Top integral blind colours of the year

Morley Glass has revealed anthracite as 2023’s most popular customer colour choice for Venetian blinds, narrowly pipping white to the post.

Anthracite accounted for over a third (34.5%) of all sales of Venetian Uni-Blinds from Morley Glass, with white coming a close second at 32.4%. Both these colours have dominated for several years now, but the sales data does suggest the arrival of a new kid on the block – black.

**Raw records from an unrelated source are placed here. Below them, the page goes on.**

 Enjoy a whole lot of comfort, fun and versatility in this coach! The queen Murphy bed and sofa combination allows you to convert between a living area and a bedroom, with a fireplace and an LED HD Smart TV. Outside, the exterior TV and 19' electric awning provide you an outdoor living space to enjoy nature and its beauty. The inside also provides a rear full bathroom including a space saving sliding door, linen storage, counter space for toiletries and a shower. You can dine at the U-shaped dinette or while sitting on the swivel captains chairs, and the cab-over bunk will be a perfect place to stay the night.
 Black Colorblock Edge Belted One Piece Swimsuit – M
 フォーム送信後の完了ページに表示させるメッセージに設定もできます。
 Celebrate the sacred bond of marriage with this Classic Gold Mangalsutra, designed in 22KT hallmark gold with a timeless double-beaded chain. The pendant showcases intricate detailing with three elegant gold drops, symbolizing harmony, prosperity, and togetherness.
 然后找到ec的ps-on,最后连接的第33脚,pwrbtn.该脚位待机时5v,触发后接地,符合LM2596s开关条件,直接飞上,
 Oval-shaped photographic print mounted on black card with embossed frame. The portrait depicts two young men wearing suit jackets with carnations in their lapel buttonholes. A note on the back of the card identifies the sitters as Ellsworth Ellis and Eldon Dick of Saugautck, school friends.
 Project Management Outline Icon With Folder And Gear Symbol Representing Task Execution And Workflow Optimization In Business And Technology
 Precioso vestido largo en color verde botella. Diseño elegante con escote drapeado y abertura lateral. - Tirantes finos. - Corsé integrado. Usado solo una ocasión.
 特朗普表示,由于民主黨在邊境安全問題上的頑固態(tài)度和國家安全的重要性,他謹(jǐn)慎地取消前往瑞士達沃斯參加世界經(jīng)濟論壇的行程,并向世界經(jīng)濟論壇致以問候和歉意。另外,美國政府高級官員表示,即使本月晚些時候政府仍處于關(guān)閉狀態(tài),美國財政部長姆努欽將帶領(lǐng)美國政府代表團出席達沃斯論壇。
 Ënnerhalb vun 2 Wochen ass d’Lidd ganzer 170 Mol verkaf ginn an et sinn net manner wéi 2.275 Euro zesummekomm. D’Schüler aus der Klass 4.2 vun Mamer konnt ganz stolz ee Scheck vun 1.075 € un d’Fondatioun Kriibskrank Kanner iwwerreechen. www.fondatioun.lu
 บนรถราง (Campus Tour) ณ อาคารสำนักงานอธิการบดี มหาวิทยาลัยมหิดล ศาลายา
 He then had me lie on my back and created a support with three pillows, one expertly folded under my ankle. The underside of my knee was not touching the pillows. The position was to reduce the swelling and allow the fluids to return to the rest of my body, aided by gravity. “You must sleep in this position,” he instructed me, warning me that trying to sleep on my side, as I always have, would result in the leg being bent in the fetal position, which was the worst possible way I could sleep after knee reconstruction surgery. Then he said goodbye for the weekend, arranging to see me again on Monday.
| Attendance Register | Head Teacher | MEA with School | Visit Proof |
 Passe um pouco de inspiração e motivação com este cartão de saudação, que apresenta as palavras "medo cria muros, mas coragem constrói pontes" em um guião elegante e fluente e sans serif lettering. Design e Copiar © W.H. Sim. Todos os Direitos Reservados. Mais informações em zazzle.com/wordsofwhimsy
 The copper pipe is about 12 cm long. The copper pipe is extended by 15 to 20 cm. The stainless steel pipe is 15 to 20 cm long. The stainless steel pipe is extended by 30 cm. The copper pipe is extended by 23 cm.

Whilst pleated Uni-Blinds have been available in black for a number of years, it was only in 2023 that a new black (B160) Venetian blind was introduced to the ScreenLine range. And, given the orders already received in the first 12 months of manufacturing black Venetian units, this colour appears to have captured the imagination of property owners, already accounting for nearly 6% of all sales.

Grey and silver blinds are also still highly popular, with standard silver (S157) taking third spot with nearly 1 in 10 of Venetian integral blind sales, and light grey (S155) seeing similar volumes to black.

Ian Short, MD of Morley Glass said: “We continue to see white and anthracite windows and doors dominating across the market, whether that’s for PVC-U, aluminium or timber frames. But that doesn’t mean homeowner tastes are not changing, which is why we continue to work in conjunction with ScreenLine systems manufacturer Pellini S.p.A. to add new colour options to our portfolio.

“The rapid growth of black Venetian Uni-Blinds sales shows how customers respond positively to colours that enable them to achieve an ‘on trend’ contemporary look in their home. Black fixtures and fittings have become hugely popular in interior décor in recent years, and now we are seeing the appeal of black integral blinds grow too.”

Uni-Blinds with ScreenLine integral blinds inside are designed to resist fading throughout their lifetime. Pellini’s R&D process for new colours is reported to be ‘extensive’, designed to replicate prolonged periods of the strongest sunshine and temperature extremes over a period of five years.